Among its many community responsibilities, UC Davis Health works to address the social determinants of health, such as education, employment, and wealth using its position as an anchor institution to improve the health of the surrounding neighborhoods, community and region.

UC Davis plans to further its role as an Anchor Institution to help fuel the economic health and overall wellbeing of the neighborhoods surrounding its Sacramento campus.  Anchor institutions shape their practices around employment opportunities, small business contracting, volunteer ‘people-power’ and local investments to help create stronger local neighborhoods. This commitment includes providing job opportunities for local builders and tradespeople as well as setting prevailing wage requirements for all laborers who work on site.

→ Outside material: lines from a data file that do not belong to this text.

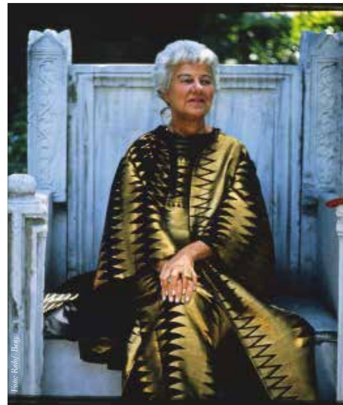
BOVEN EN LINKS Peggy Guggenheim in de tuin van haar Palazzo in Venetië.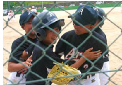
2回戦。同点のホームインに笑顔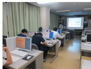
ステップアップセミナーの様子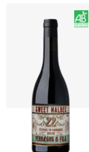
SWEET MALBEC VDL Malbec muté 50cl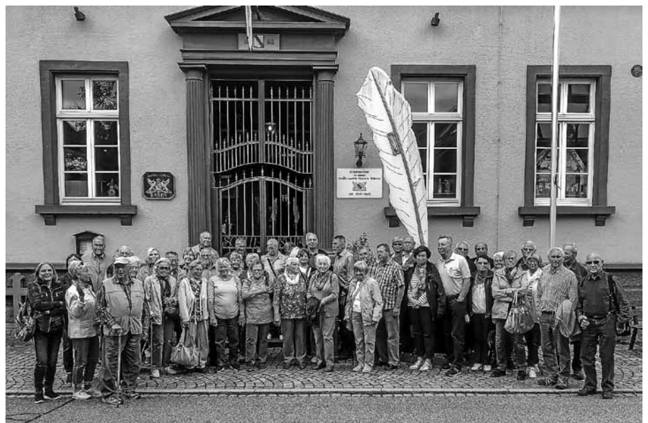
Ausflugsguppe vor dem Schulmuseum in Zell-Weierbach

Vor allem auf korrektes und diszipliniertes Verhalten legte er großen Wert. Der Rohrstock wurde allerdings nur angedroht. Im Museum war neben dem Klassenzimmer eine Lehrerwohnung um 1900, eine Nähstube, eine Sammlung tausender Schulbücher und ehemalige Lehr- und Lernmittel zu besichtigen. Nach dem Aufenthalt in einem Café in Achern erfolgte bei der ehemaligen Kreispflegeanstalt „Hub“ in Ottersweier eine Führung durch einen Vertreter des dortigen Bürgervereins. Das frühere Heilbad, Kurhaus und Pflegeheim hat sich ab 2004 unter der Trägerschaft der Klinikum Mittelbaden gGmbH zu einem mo-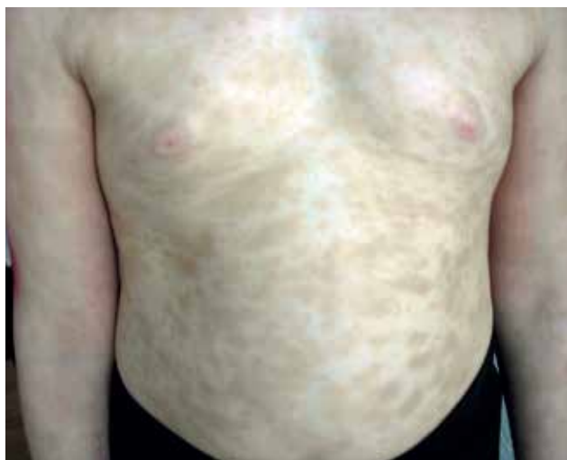
Рис. 2. Пациент П., тип II мастоцитоза: пигментная крапивница, болеет с 1,5-годовалого возраста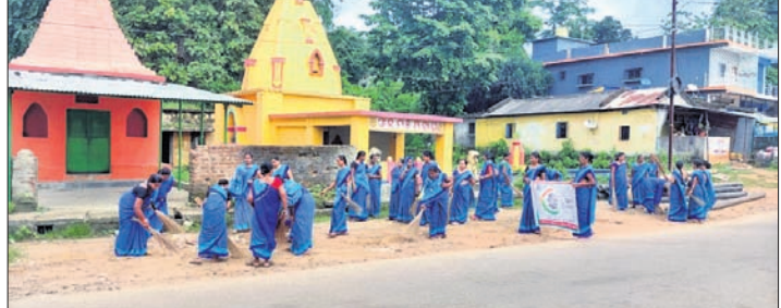
ସ୍ୱୟଂ ସହାୟକ ଗୋଷ୍ଠୀର ସଦସ୍ୟମାନେ ଶିବ ମନ୍ଦିର ନିକଟରେ ଅଳିଆ ଆବର୍ଜନା ସଫା କରୁଛନ୍ତି ।

ସ୍ୱଚ୍ଛତା ହିଁ ସେବା ଭାରତ ସରକାରଙ୍କ ସ୍ୱଚ୍ଛ ଭାରତ ମିଶନରେ ଅନୁପ୍ରାଣିତ ହୋଇ କାଲିମେଳା ସ୍ୱୟଂ ସହାୟକ ଗୋଷ୍ଠୀଗୁଡ଼ିକ ପକ୍ଷରୁ ରାସ୍ତାଘାଟ ସଫାକ କରାଯାଇଛି । କାଲିମେଳା ବ୍ଲକର ସ୍ୱାମୀ ବିବେକାନନ୍ଦ ମଞ୍ଚ ପକ୍ଷରୁ ଆୟୋଜିତ ଏହି କାର୍ଯ୍ୟରେ ୧୩ଟି ସ୍ୱୟଂ ସହାୟକ ଗୋଷ୍ଠୀ ସାମିଲ ହୋଇଥିଲେ । କାଲିମେଳାର ୩ଟି ସାହି ତେଲୁଗୁ ସାହି, ହାଟପଦା ସାହି ଓ ଶାଳବାଗାନ ସାହିରେ ସ୍ୱୟଂ ସହାୟକ ଗୋଷ୍ଠୀର ମହିଳାମାନେ ସାହିର ବିଭିନ୍ନ ସ୍ଥାନ ସଫା କରିଥିଲେ । ଏହି ଅବସରରେ ସଦସ୍ୟମାନେ ମଧ୍ୟ ହାତରେ ଝାଡୁ, ଝୁଡ଼ି,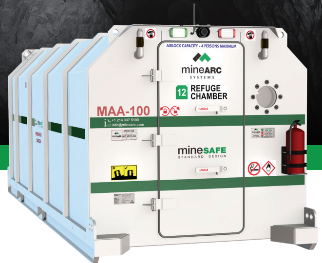
MineSAFE Diseño Estándar cámara de refugio (MS-SDE2-12-SIV-36)

Ofrece configuraciones estándar de acuerdo a la cantidad de ocupantes, de 8 a 30 personas, y cada modelo está diseñado para ofrecer la máxima resistencia y maniobrabilidad tanto en superficie como bajo tierra.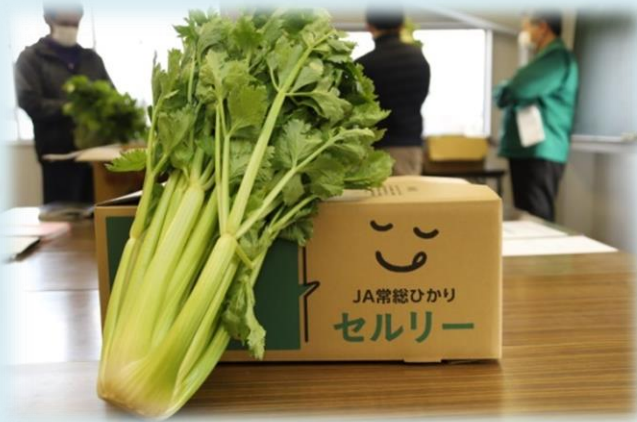
写真：出荷されるセロリ

セロリは栽培が難しいとされている品目ですが、栽培講習会や目ぞろえ会等を開催しながら、栽培に取り組んでいます。また、生産者とJA職員で協力しながら、出荷調整や出荷方法を工夫しています。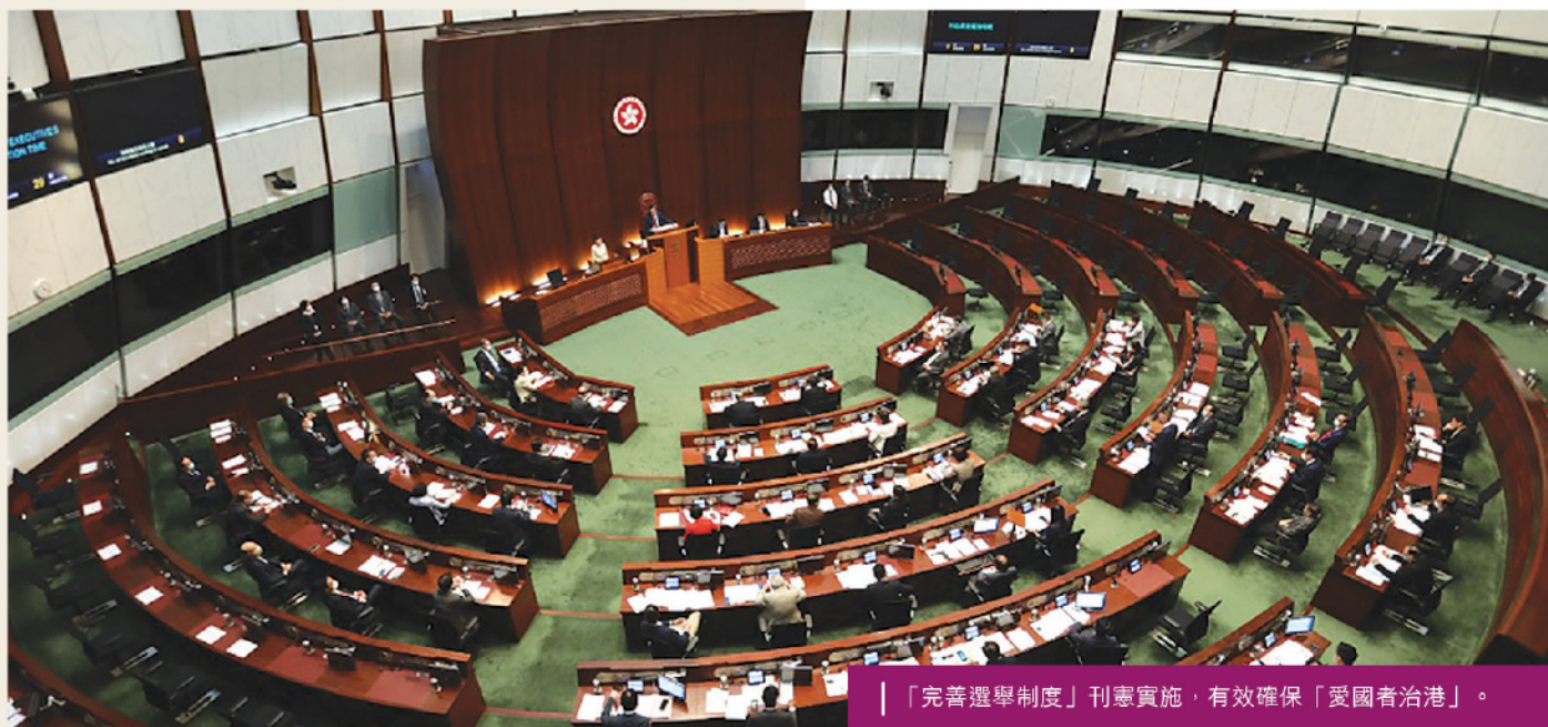
「完善選舉制度」刊憲實施，有效確保「愛國者治港」。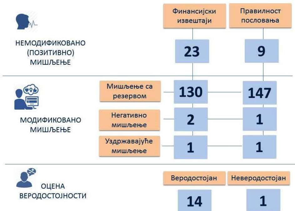
Слика број 1: Приказ изражених мишљења и оцена веродостојности

Током провере веродостојности одазивних извештаја утврдили смо да је 14 одазивних извештаја веродостојно, а један одазивни извештај је оцењен као неверодостојан.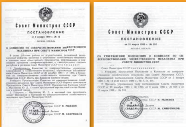
Документы Комиссии по совершенствованию хозяйственного механизма при Совете Министров СССР

необоснованных доходов, выпуску в обращение денег, не обеспеченных соответствующей товарной массой».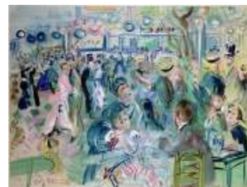
Le Moulin de la Galette , 1939 Aquarelle et gouache sur papier vélin d'Arches, dim. 50 cm x 65,5 cm Paris, Musée d'art Moderne de la ville de Paris, legs de Mme Berthe Reysz, 1975 © Adagp, Paris 2021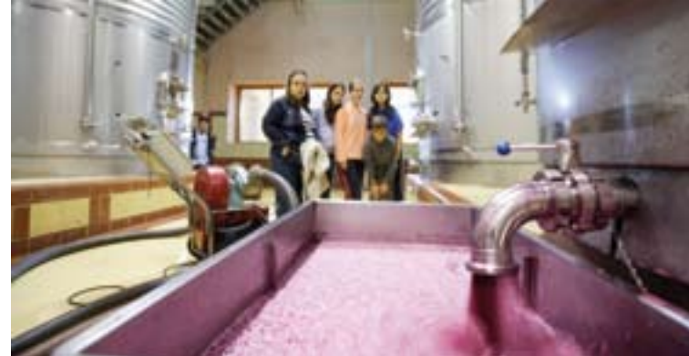
En las bodegas puedes aprender el proceso del vino ¡en directo!

D Para saber más, visita... • El Barranco Perdido • Centro Paleontológico de La Rioja (Igea) • Yacimientos de icnitas (huellas de dinosaurio) + info en... www.lariojaturismo.com/dinosaurios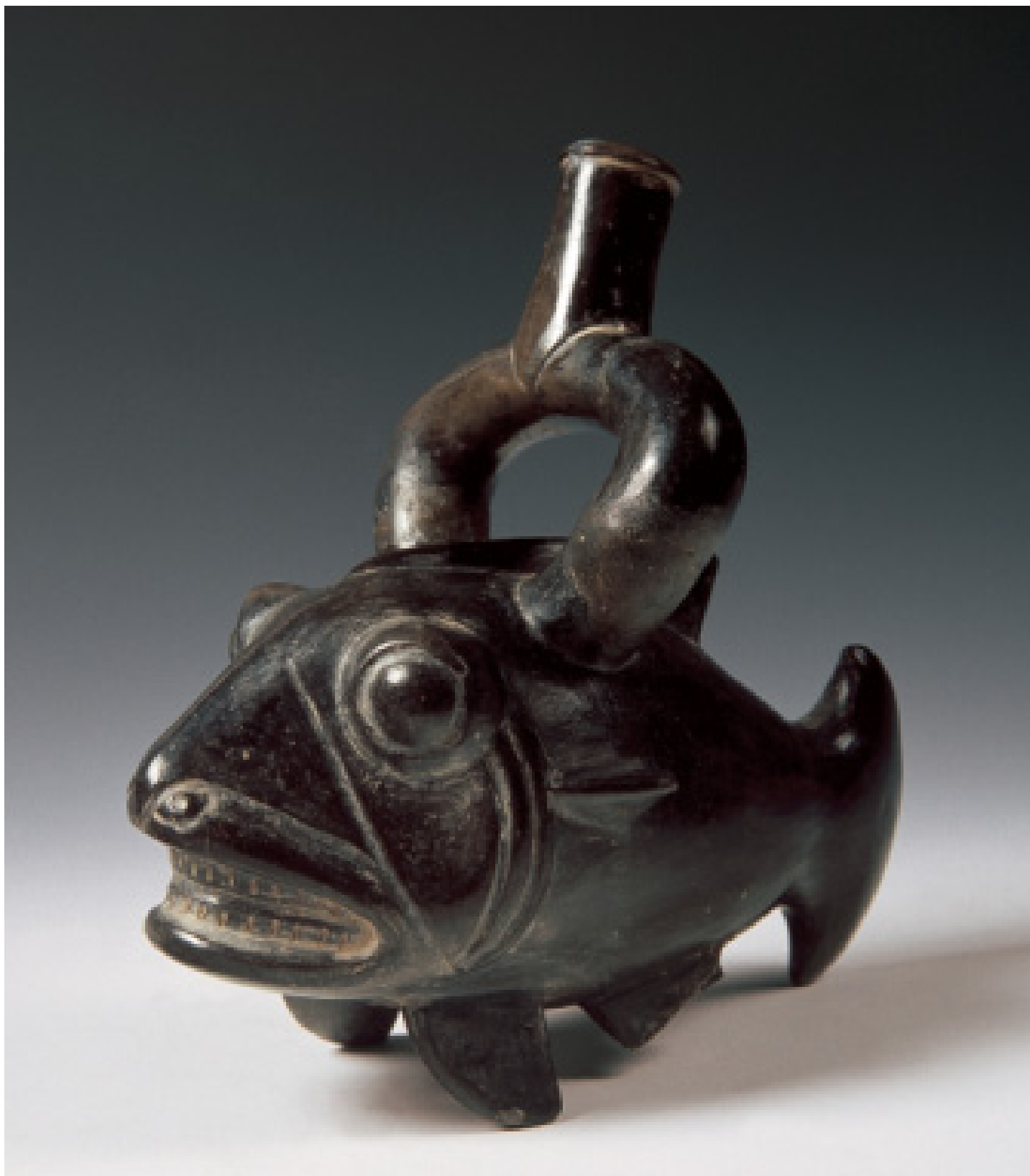
Fig. No. 105.- Cerámica mochica que representa el cuerpo de un pez. Museo Arqueológico Rafael Larco Herrera (105-004-001)

The California Tower project reflects UC Davis Health’s long-time commitment to education, research, patient care and community health. It complements the health system’s mission of improving health for all. It is also the result of state seismic safety mandates, which require the demolition of existing patient care facilities at UC Davis Medical Center.

When completed in 2030, California Tower will include a 14-story hospital facility and 5-story pavilion adjacent to the existing medical center – part of a hospital complex which has served the neighborhoods at this location for 150 years. This new $3.75 billion project will further harness the advantage of being Sacramento County’s second-largest employer to increase community wealth-building and strengthen the socioeconomic infrastructure of the surrounding neighborhoods.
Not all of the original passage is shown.